» **Exercise**: Give every line of the material back exactly, images removed.

» **Data block**:
++++
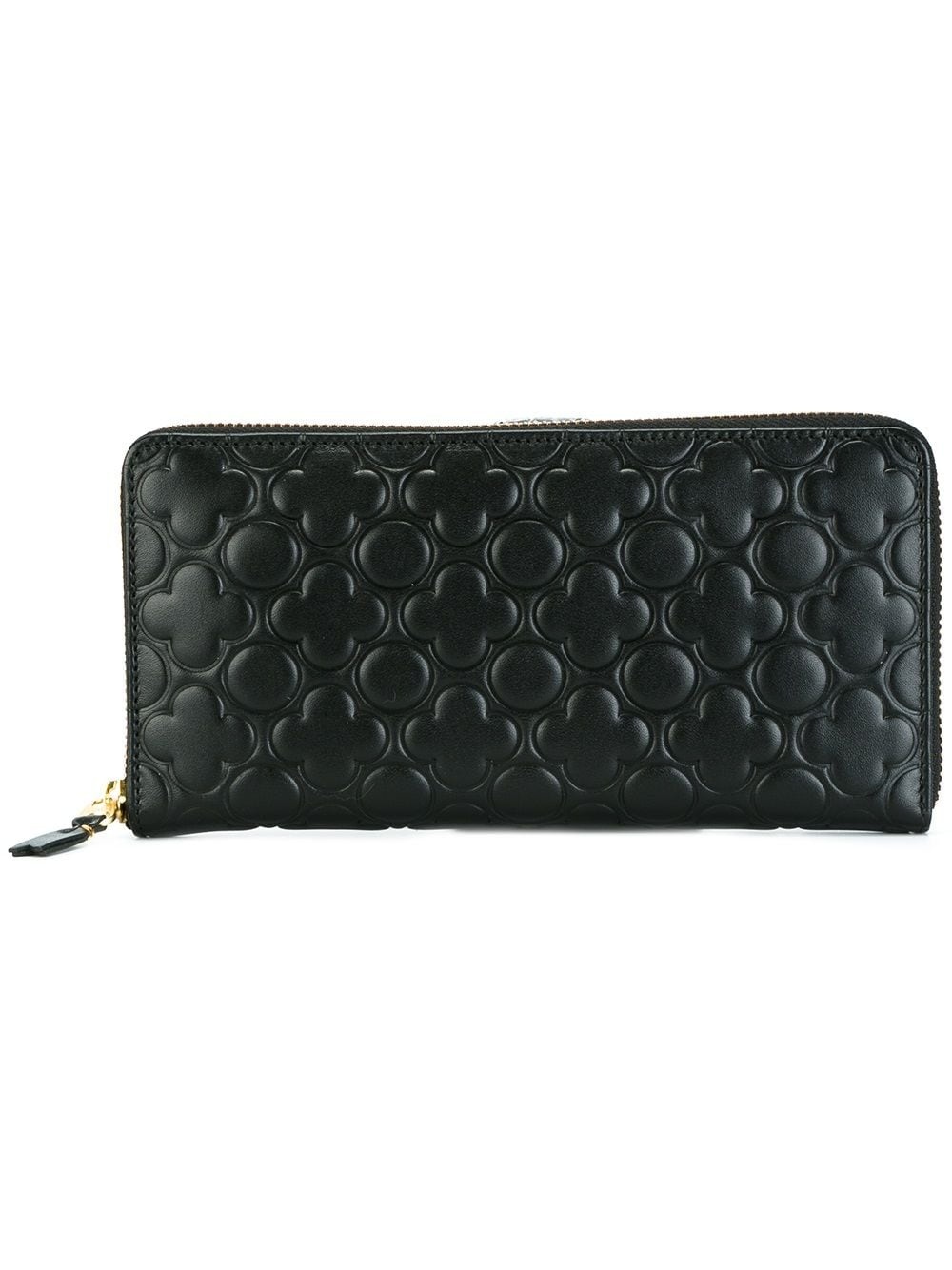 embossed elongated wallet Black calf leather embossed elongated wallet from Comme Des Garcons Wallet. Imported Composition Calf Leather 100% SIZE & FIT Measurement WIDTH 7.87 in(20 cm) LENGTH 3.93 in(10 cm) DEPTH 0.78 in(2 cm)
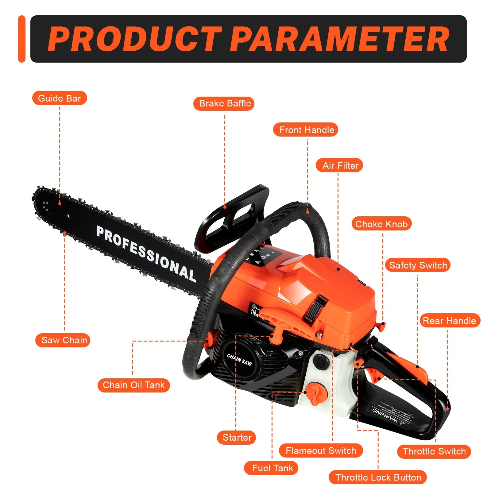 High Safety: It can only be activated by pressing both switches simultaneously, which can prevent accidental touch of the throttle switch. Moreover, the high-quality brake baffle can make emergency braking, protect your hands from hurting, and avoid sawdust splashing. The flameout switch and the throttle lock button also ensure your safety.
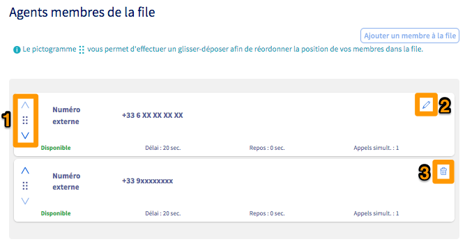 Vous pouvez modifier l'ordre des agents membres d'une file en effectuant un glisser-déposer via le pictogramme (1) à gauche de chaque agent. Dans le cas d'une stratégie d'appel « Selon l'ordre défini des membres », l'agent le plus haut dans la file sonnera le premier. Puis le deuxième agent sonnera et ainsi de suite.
++++
» **Result**:
 embossed elongated wallet Black calf leather embossed elongated wallet from Comme Des Garcons Wallet. Imported Composition Calf Leather 100% SIZE & FIT Measurement WIDTH 7.87 in(20 cm) LENGTH 3.93 in(10 cm) DEPTH 0.78 in(2 cm)
 High Safety: It can only be activated by pressing both switches simultaneously, which can prevent accidental touch of the throttle switch. Moreover, the high-quality brake baffle can make emergency braking, protect your hands from hurting, and avoid sawdust splashing. The flameout switch and the throttle lock button also ensure your safety.
 Vous pouvez modifier l'ordre des agents membres d'une file en effectuant un glisser-déposer via le pictogramme (1) à gauche de chaque agent. Dans le cas d'une stratégie d'appel « Selon l'ordre défini des membres », l'agent le plus haut dans la file sonnera le premier. Puis le deuxième agent sonnera et ainsi de suite.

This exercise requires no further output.